An important work we cite under Literary Criticism, Film Criticism, and Background. The war referred to in the (publisher's) title is World War II, and "America" = USA + Canada.

EoC deals with "agency panic": the fear that one is not an agent in the sense of "autonomous actor, choosing significant actions" but in the sense of "factor"—an agent of the will of persons or forces outside oneself (as with someone in S. Milgram's "agentic state." See Milgram's Obedience to Authority under Background); also note relevance for such classic take-over stories as R. A. Heinlein's The Puppet Masters (1951), with the motif mechanized in K. Vonnegut's The Sirens of Titan (1959) and William Cameron Menzies's INVADERS FROM MARS (1953). See Empire of Conspiracy ch. 3 for surveillance and discussion of body and disembodiment in the work of Margaret Atwood and others. See also for William S. Burrough's Soft Machine, Ticket that Exploded, and some essays in The Adding Machine; Don DeLillo's Libra and White Noise; P. K. Dick's Do Androids Dream of Electric Sheep?; William Gibson's Neuromancer; Joseph Heller's Catch-22 and Something Happened; Ken Kesey's One Flew Over the Cuckoo's Nest; Thomas Pynchon's Gravity's Rainbow. EoC is very useful for imagery of containment within machines and systems, so see also for E. M. Forster's "The Machine Stops"—a pre-World War I British work TM does not discuss—and its literary and film progeny. See esp. "Epilogue" (185-202) for the Cyberpunks and, indirectly, the possibility of a straight-line connection from Foster's "Machine Stops" (§ III) to "the Mayan control machine" of W. Burrough's Soft Machine (SM 95) to the job of Case in Neuromancer (EoC 192).

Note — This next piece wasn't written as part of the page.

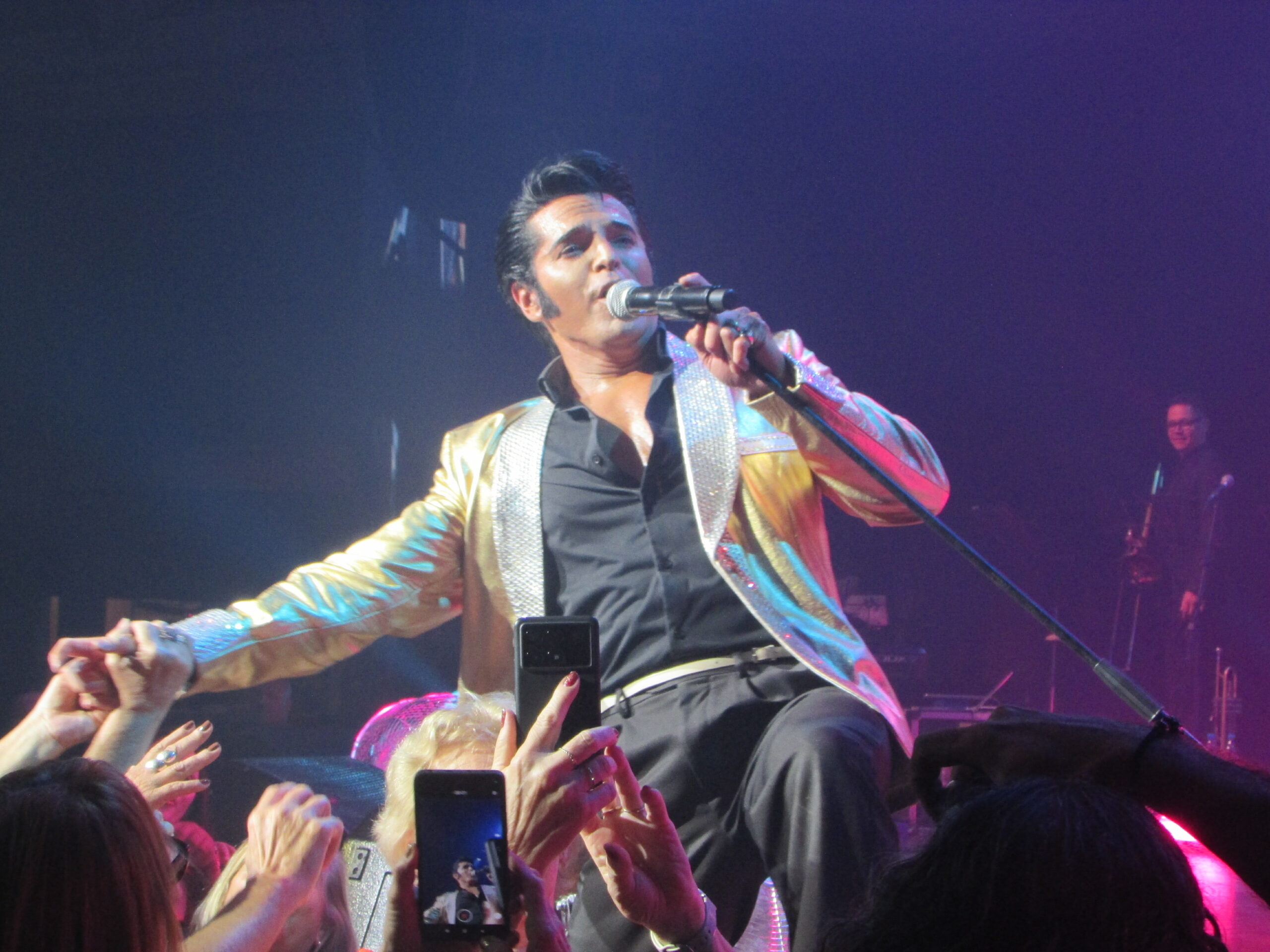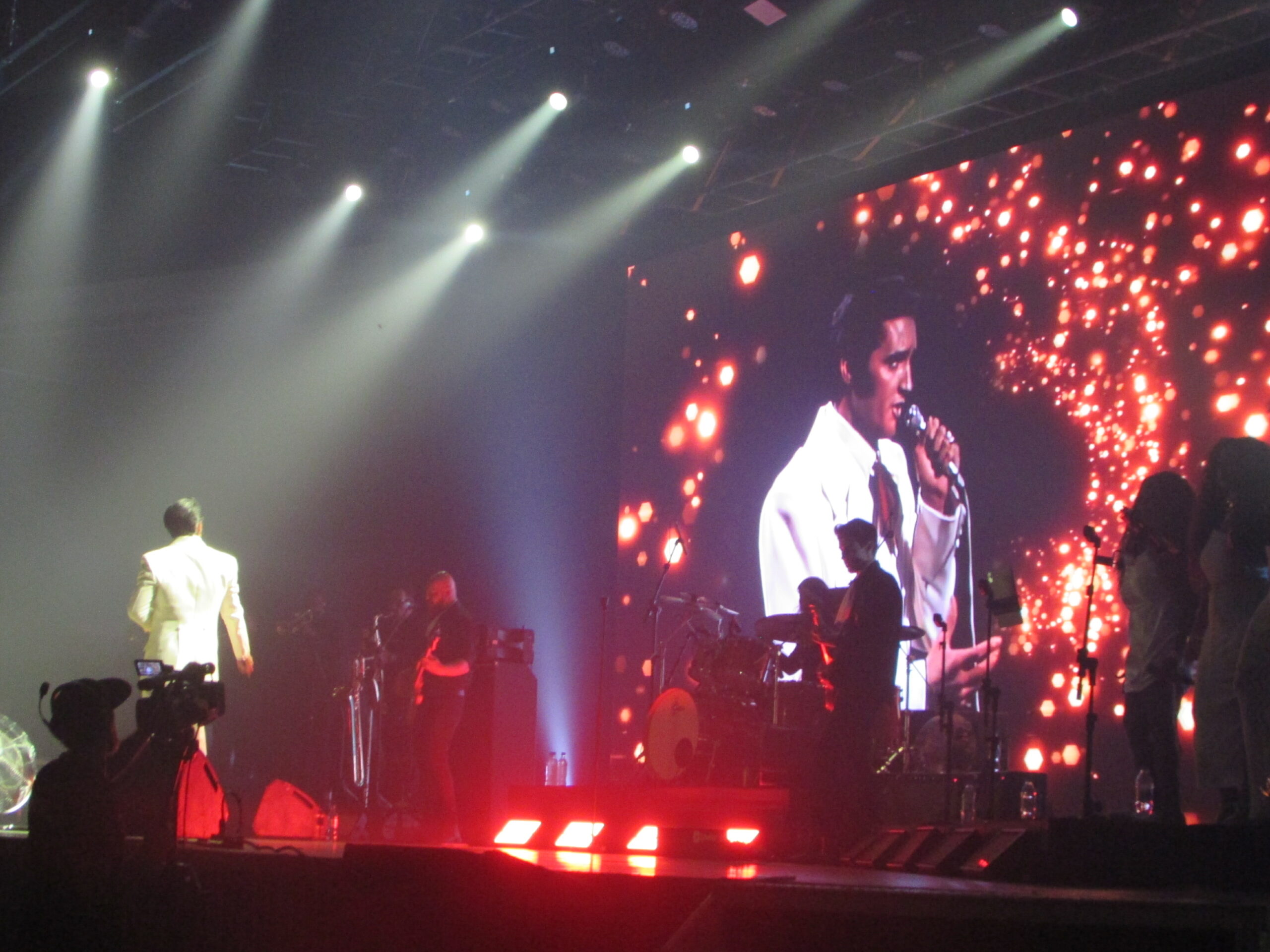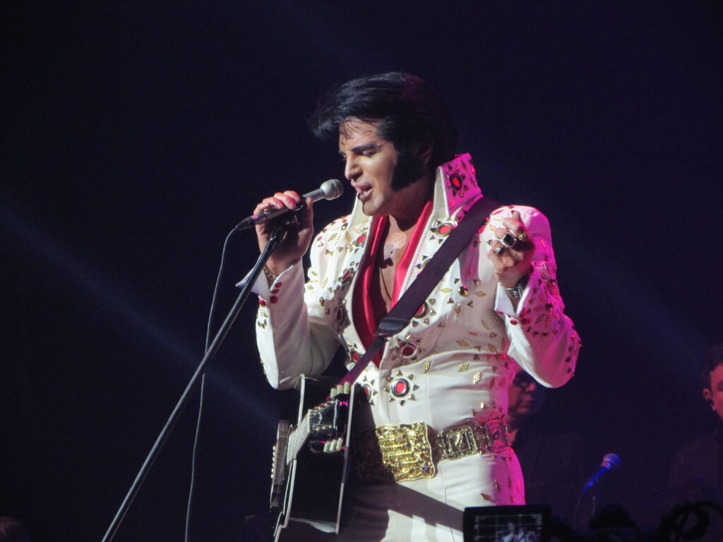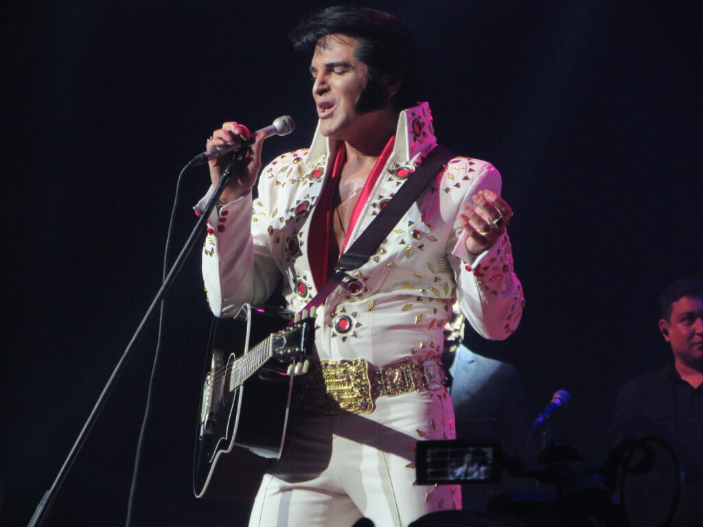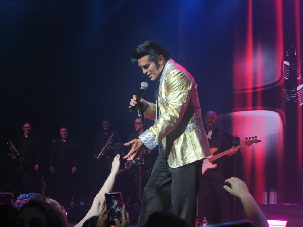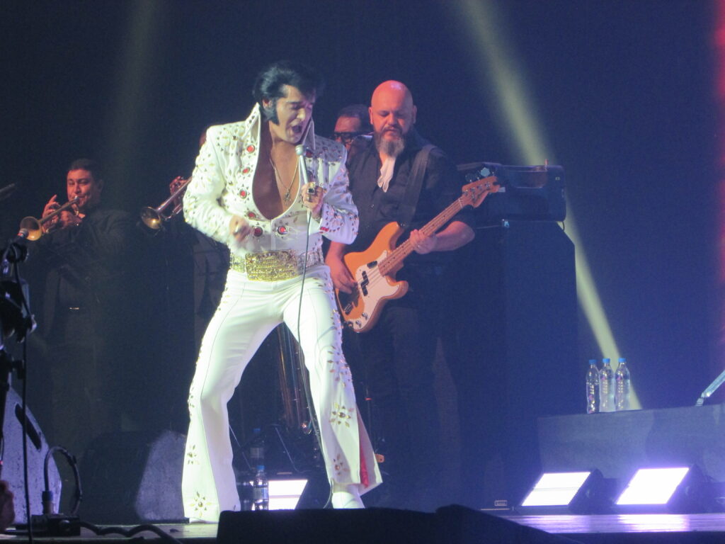 Com as músicas de 2001 – Uma Odisseia no Espaço no fundo, eis que surge com aquele macacão clássico branco e cheio de detalhes dourados, Dean Z, pronto pra incendiar o tímido Araújo Vianna. Infelizmente dessa vez o público estava mais comedido, sentado e menos animado, diferente do show dele que cobrimos em 2024. Mas o cantor não tem nada que ver com isso e segue com os petardos See See Rider, a maravilhosa Burning Love e Steamroller Blues. Dean Z então fica de costas, com luz baixa, e a banda começa a tocar a música mais linda da história (na opinião de quem escreve), You Lost That Loving Feeling, pena que na metade da música chamou um amigo gaúcho, Diogo, que parecia mais ter vindo de um rodeio com agroboys para cantar com ele, não fez feio, mas queria ter visto Dean Z ter cantado toda a música. Segue o baile com Polk Salad Annie e a lindíssima Always On My Mind, em que afirma que foi a segunda música de Elvis mais famosa em terras brasileiras. E a primeira que vem em seguida, Suspicious Mind, com uma interpretação incrível do cantor, consegue fazer o povo ficar de pé, em um dos momentos mais vibrantes do show .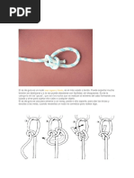 empujando hacia fuera el chicote que rodea el firme. La mayor desventaja es su tendencia a aflojarse cuando se efecta en cabos muy rgidos. Puede servir como nudo corredizo, que queda abierto tan pronto como desaparece la tensin en la lnea. Elaboracin: Se ejecuta formando un bucle en el firme del cabo, pasando el chicote a travs del seno as formado, rodeando el firme y pasando el chicote de nuevo a travs del seno. Para un acabado de mayor seguridad puede efectuar un nudo tope o un medio nudo para evitar un posible deslizamiento.

Empire of Conspiracy can profitably be put into dialog with other works. For some, but not much, exculpation of K. Kesey et al. on TM's legitimate charge of misogyny in feminizing entrapping system, see theory of all things Other as feminine to a male Self, summarized in Linda Bamber's Comic Women, Tragic Men: A Study of Gender and Genre in Shakespeare (Stanford, CA: Stanford UP, 1982). For an epitomizing moment in an SF/Utopian work of some of TM's concerns, see K. Vonnegut's Player Piano, ch. 30, on Alfy Tucci: "Lasher smiled sadly. 'The great American individual […]. Thinks he's the embodiment of liberal thought throughout the ages. Stands on his own two feet, by God, alone and motionless. He'd make a good lamp post, if he'd weather better and didn't have to eat" (281-82). Also note Vonnegut's Paul Proteus in Player Piano on "The main business of humanity" as "to do a good job being human beings" and "not to serve as appendages to machines, institutions, and systems" (297; ch. 31).